By default, Cordra uses the local file system for storing digital objects. However, Cordra can be configured to use alternate storage backend systems. It is mandatory to use an alternate storage backend system when Cordra is deployed as a distributed system.

There are a few storage technologies that Cordra can use for its storage. Cordra includes storage modules, which translate Cordra storage requirements into what each of the storage technologies natively offer.

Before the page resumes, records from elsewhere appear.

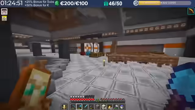 21:10:57Es wird über ein Bankgebäude und ein Diamanten-Ranking-System auf dem Server gesprochen. Spieler können ihre Diamanten in einer Bank einzahlen, um Highscore-Positionen zu erreichen, was zur Abonnements handeln und Diamanten sammeln motiviert. Das System wurde entwickelt, da Spieler primär mit Subs und nicht mit Ingame-Währung handeln. Es gibt Diskussionen über verschiedene Implementierungsmethoden - von einem physischen Bankgebäude bis zu unter den Spielern angezeigten Zählern. Während eine komplett Vanilla-Alternative favorisiert wird, entschuldigt sich das aktuelle System als Kompromiss, das trotz Eingriffen in das Spiel vanilla-freundlich bleibt.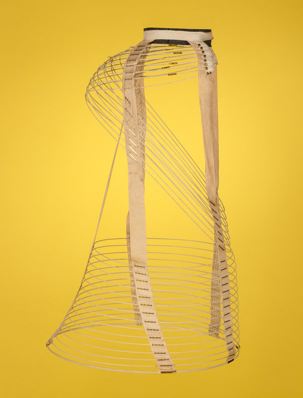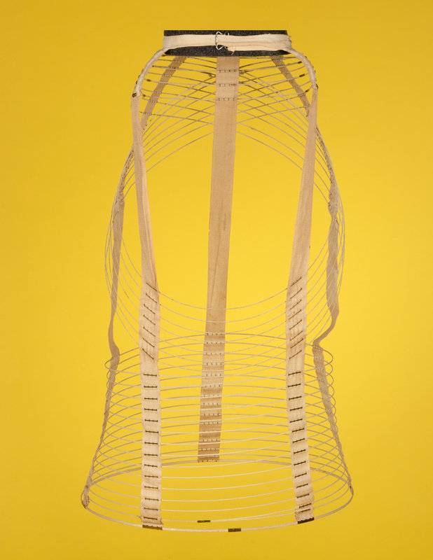 Crescent shaped flattened metal coil and metal reed skirt supporter covered in cotton satin.
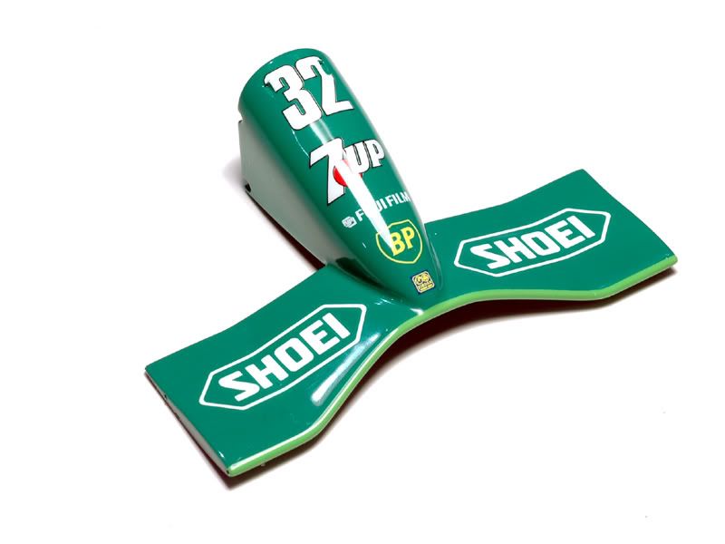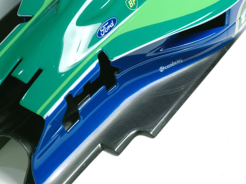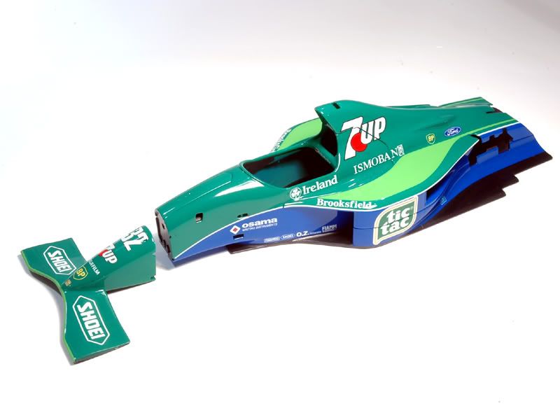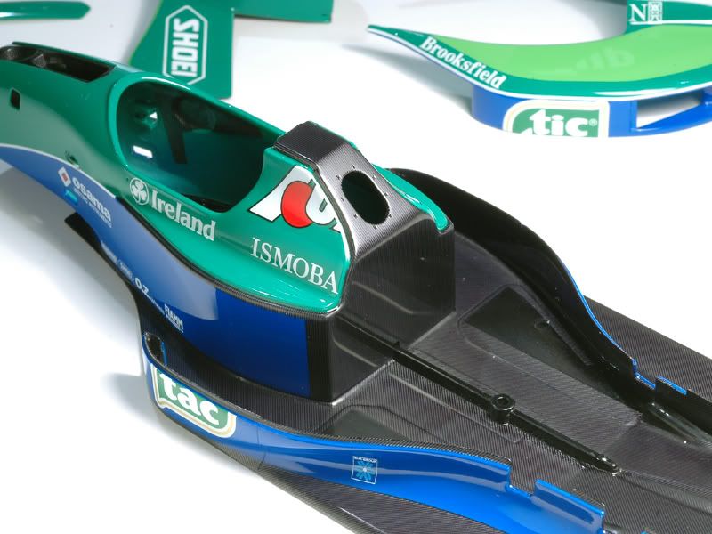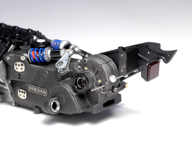 It’s been a while but here finally comes an update. After the last one I simply had no time for modeling for the rest of ’09. Since early January i’ve been working on the Jordan again but this was mostly painting, decaling and polishing which is time consuming and annoying and doesn’t deliver much in the way of progress pictures to show :-) Anyway, here’s what I did: After painting the bodywork colours I masked them off and painted black for the areas that were going to be covered with CF. I then set off for a near endless journey of decaling. I mostly used Crazy Modeler 0124 decals. They are almost identical to SMS 1024, just a bit darker. My reasoning for that was that they might spare me darkening them. During application I learned though that they are nicer and more forgiving to work with than their SMS counterparts ( which I used on the underside of the floor ). They take a lot of abuse and with the help of MicroSol turn rubbery but don’t disintegrate or become too fragile to handle like the SMS ones did for me. Especially for complicated surfaces they are my new weapon of choice. The brake ducts that I will show at a later point wouldn’t have been possible with the SMS decals I have. Anyway this first picture shows the main parts CF’d and shot with one layer of protective 2K-clear: ![]() I tried to lay out the patterns like on the original as far as the reference pictures showed them. It took a lot of time :-) When I was done I realized though, that the CF was way too light compared to the real car, so after the layer of clear I masked the green and blue areas once more and toned the CF down with ZERO “Smoke”. It was the first time I used that stuff and it worked nicely. Unlike the Tamiya smoke which is a bit brownish ( warm grey ) this one is more blueish ( cool grey ) just like Alclad Smoke. It works fine for the Jordan with its blue and green bodywork but might work less well with a Ferrari or Lotus 99T. I’ll have to try that :-) Here’s a shot of the darkened CF on the model next to the bare decal: ![]() The pattern shows well with direct light but appears black from 30cm away or with less light. That’s the effect I wanted to achieve for a realistic appearance. However it did make me feel a bit stupid when I realized how much work I put into first putting all that CF and then almost making the pattern disappear again…..modeling masturbation…:-) The next picture is a whole lot of time later. That’s how the bodywork looks right now after livery decals, several layers of clear and endless sanding and polishing. At the time of applying them i felt like ranting about the inaccuracies of Studio27 decals at this point but I’ll spare you that :-) I ended up using a mix of Tamiya and S27 decals but the combination of them still doesn’t let you build a 100% accurate Spa version. Maybe for others they work. Also, if you build this version forget about the livery guides in the S27 set or the Jordan 191 Perfect manual. They are both wrong… ![]() One pet thing of mine I wanted to get right ( or at least a bit better than on previous builds ) was the paint finish and differences between painted and bare CF areas. There’s room for improvement but I’m starting to be happy about it now :-) I wet sanded the paint with 1200 and 2000 grit sandpaper to even out the surfaces ( and get rid of dust particles…) and then polished with micromesh up to 4000 grit to get a semi gloss surface. On the undertray and monocoque I then masked off the CF areas and carried on polishing and finally waxing all the areas that are in blue or green. I hope you can see the result with different levels of glossiness in the next picture. ![]() The front wing went through the same process. I ended up using a lot more clear than I wanted ( gotta try a different approach on the next model…), which kept me worried about the cowling still fitting in the end. As a safety measure I didn’t paint and decal the inside of the nosecone and the cowling yet. This was going to leave a chance to thin them locally if the fit turned out too tight. In case of the nosecone that proved to be a wise decision. There’s some filing and scraping necessary to make it fit to the monocoque again… ![]() Next up is the underside of the nose. Same process of paint with CF decals darkened. There are some vertical strakes missing that will follow once I install the flaps and endplates. ![]() The monocoque with bare CF areas as per the original. Lots of sanding/polishing and masking… ![]() Besides all the painting, sanding and polishing ( of wich there’s still a lot to come on smaller bits like the wings ) I also worked a bit on small parts which I like better :-) For the rear light I first tried to modify the kit part but soon realized i could just as well scratch it. So I made the body from renshape plus a holder from wire and styrene bits. The glass piece is made from red plexi glass. ![]() After spraying it Jet Black I installed it on the rear wing support. That one and the gear box oil cooler that I already showed were also painted Jet Black. You can also see a turned aluminium piece in front of the cooler that is part of the anti roll bar. To get a somewhat faceted look for the rear light I painted some silver through a mesh on the backside, followed with black which hides a drop of glue that holds the glass piece. ![]() The wing support is mounted to the gearbox housing with Scalehardware hex bolts w/studs. The drill is just to hold it in place as long as some parts are still missing :-) A/N-fittings and hoses for the radiator will also follow later. The rear beam wing has been CF’d, painted and sanded/polished just like the monocoque and undertray. ![]() So that’s it for now. I think I need to play some more with some small bits because I’m fed up with clear coat polishing at the moment but there’s still a good deal of that to come :-( At least so far most parts came out like I wanted the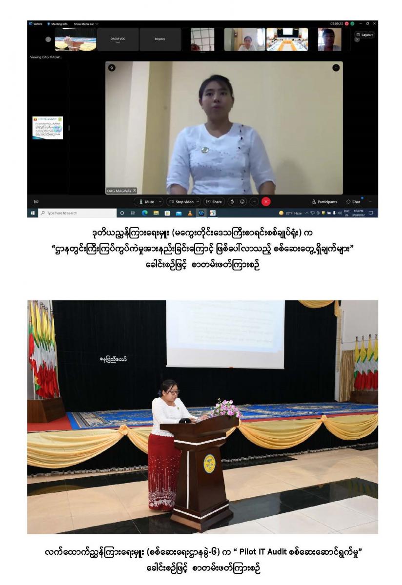 ၂၈-၃-၂၀၂၂ ရက်နေ့ ပြည်ထောင်စုစာရင်းစစ်ချုပ်ရုံး၏ နှစ်ပတ်လည်နေ့ အထိမ်းအမှတ် အကြိုစာတမ်းဖတ်ပွဲအခမ်းအနားကျင်းပခြင်း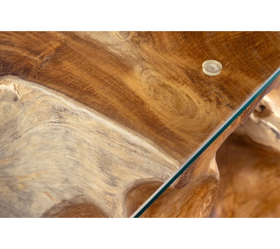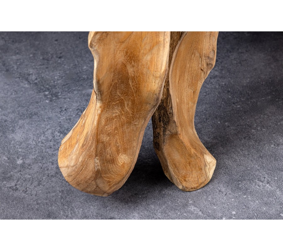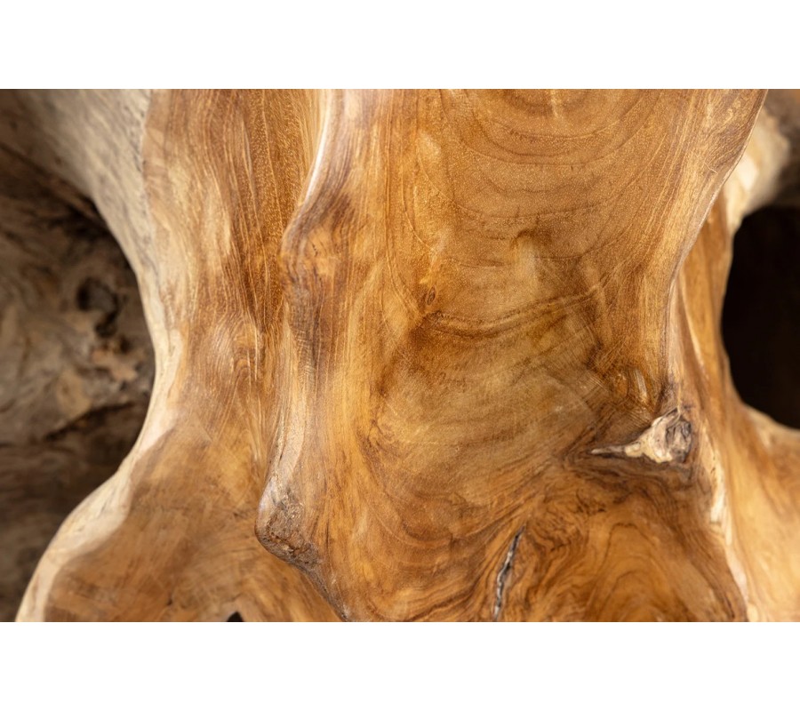 Stolíku dominuje masívna noha vyrobená z teakového dreva v naturálnom teplom hnedom odtieni. Má organický tvar pripomínajúci koreňový systém, so zrezanou spodnou časťou, čo zaručuje výbornú stabilitu nábytku. Povrch zdobia naturálne štruktúry, ako kresba letokruhov, uzly a praskliny, ktoré dodávajú každému kusu jedinečný a neopakovateľný autentický vizuál.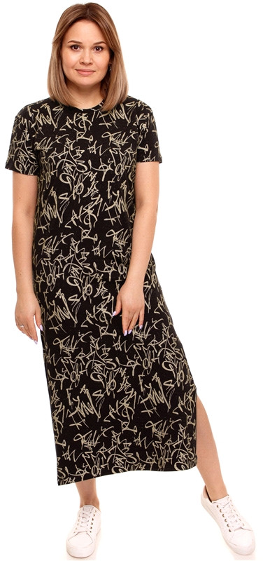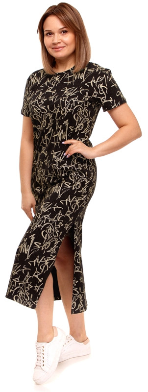 Платье хорошее, трикотаж плотненький. Рисунок золотистый. На лето очень даже ничего.

To configure a storage module, other than for the default file system based storage, add a storage section to the Cordra config.json file. For example:

"storage" : {
    "module" : "module-name-goes-here",
    "options" : {

    }
}

Storage Modules

The following storage modules are included within the Cordra distribution:

Filesystem Storage

If no storage module is configured in config.json, the Cordra will store most information from digital objects in a local BerkleyDB database and the payloads from those digital objects in a directory on the local filesystem. The identifiers of the payloads are hashed, and the hashes are used in the storage directory to ensure that payloads are spread out evenly among the storage sub-directories.

This storage module is only applicable for a single instance deployment scenario.

System Memory Storage

Module Name:memory

Module Options: none

The memory storage module uses the system memory; as such the digital objects will be erased once the Cordra process configured to use the memory module stops. Cordra configured with memory module is useful for testing purposes. There are no options required to be specified for this storage module.

This storage module is only applicable for a single instance deployment scenario.

The storage section of the config.json file looks like this:

"storage" : {
    "module" : "memory"
}

MongoDB Storage

Module Name:mongodb

Module Options:

Option name Description
connectionUri MongoDB-style connection URI
maxTimeMs “maxTimeMs” value used for MongoDB operations, which gives a time limit for processing; default is 30 seconds. Generally this should not need to be set.
maxTimeMsLongRunning “maxTimeMs” value used for long-running MongoDB operations used in reindexing; default is 10 days Generally this should not need to be set.
databaseName Database name; defaults to “cordra”
collectionName Collection name; defaults to “cordra”
gridFsBucketName GridFS bucket name (for payload storage); defaults to “fs”

The MongoDB module will store objects in an MongoDB storage system. The connectionUri is a standard MongoDB-style connection string. If no connectionUri is configured, the default URI of localhost:27017 will be used.

Amazon S3 Storage

Module Name:s3

Module Options:

Option name Description
bucketName (required) Name of bucket to use for storage.
region (required) AWS region for bucket. (e.g., us-west-2)
accessKey (required) AWS access key for user with access to this bucket
secretKey (required) AWS secret key for user with access to this bucket
s3KeyPrefix Prefix to use for keys on S3 objects.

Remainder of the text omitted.